In the records below, find the line with "Àü½Ãȸ>¸¦ °³ÃÖÇÑ´Ù°í 19ÀÏ ¹àÇû´Ù.", then retype it and every following line exactly, stopping after the line with "This Hermès Reversible". Leave the pictures out.

#### Stored data
▽

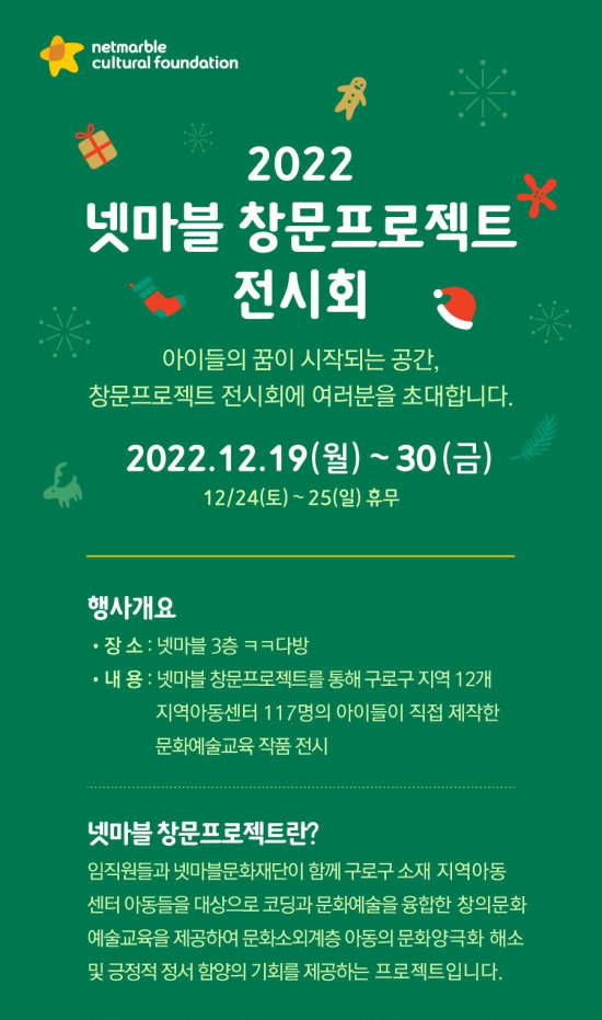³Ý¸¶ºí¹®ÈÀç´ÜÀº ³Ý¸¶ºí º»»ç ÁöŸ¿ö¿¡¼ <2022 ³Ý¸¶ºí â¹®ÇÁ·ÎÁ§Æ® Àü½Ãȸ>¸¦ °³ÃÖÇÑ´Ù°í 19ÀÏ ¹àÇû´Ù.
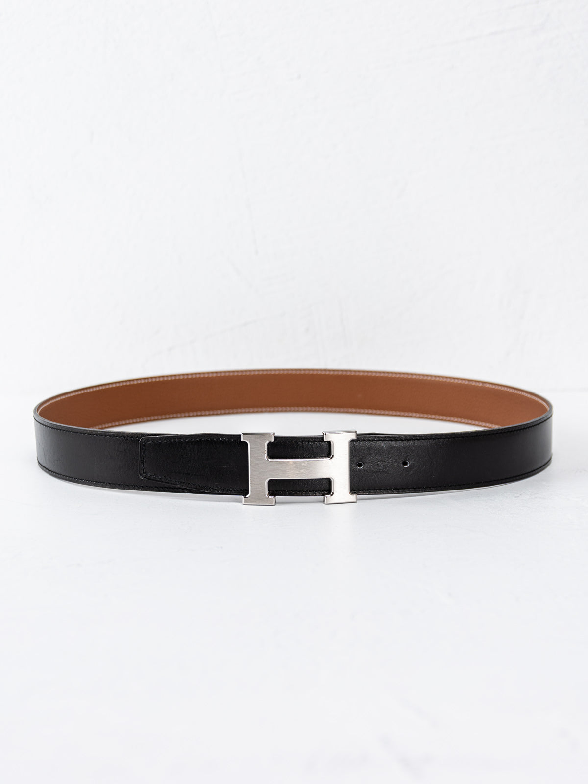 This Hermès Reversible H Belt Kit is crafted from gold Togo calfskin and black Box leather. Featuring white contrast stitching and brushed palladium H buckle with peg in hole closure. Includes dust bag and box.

△
▽

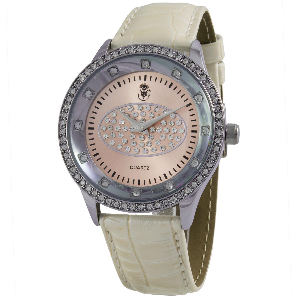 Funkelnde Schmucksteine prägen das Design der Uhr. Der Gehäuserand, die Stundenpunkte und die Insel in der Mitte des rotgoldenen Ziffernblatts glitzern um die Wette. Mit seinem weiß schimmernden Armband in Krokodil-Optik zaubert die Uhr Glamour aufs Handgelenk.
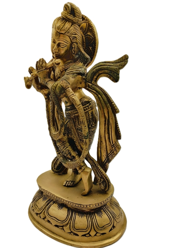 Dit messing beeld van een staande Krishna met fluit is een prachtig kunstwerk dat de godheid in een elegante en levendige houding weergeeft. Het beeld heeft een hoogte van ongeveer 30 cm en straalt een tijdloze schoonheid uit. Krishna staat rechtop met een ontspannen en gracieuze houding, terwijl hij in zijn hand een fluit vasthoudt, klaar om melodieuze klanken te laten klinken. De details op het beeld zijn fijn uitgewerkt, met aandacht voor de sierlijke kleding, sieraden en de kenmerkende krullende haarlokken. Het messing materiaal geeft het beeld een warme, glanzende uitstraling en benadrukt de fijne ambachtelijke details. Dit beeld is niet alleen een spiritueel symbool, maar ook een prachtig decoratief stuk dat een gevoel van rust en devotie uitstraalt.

△

#### Solution for this problem
³Ý¸¶ºí¹®ÈÀç´ÜÀº ³Ý¸¶ºí º»»ç ÁöŸ¿ö¿¡¼ <2022 ³Ý¸¶ºí â¹®ÇÁ·ÎÁ§Æ® Àü½Ãȸ>¸¦ °³ÃÖÇÑ´Ù°í 19ÀÏ ¹àÇû´Ù.
 This Hermès Reversible H Belt Kit is crafted from gold Togo calfskin and black Box leather. Featuring white contrast stitching and brushed palladium H buckle with peg in hole closure. Includes dust bag and box.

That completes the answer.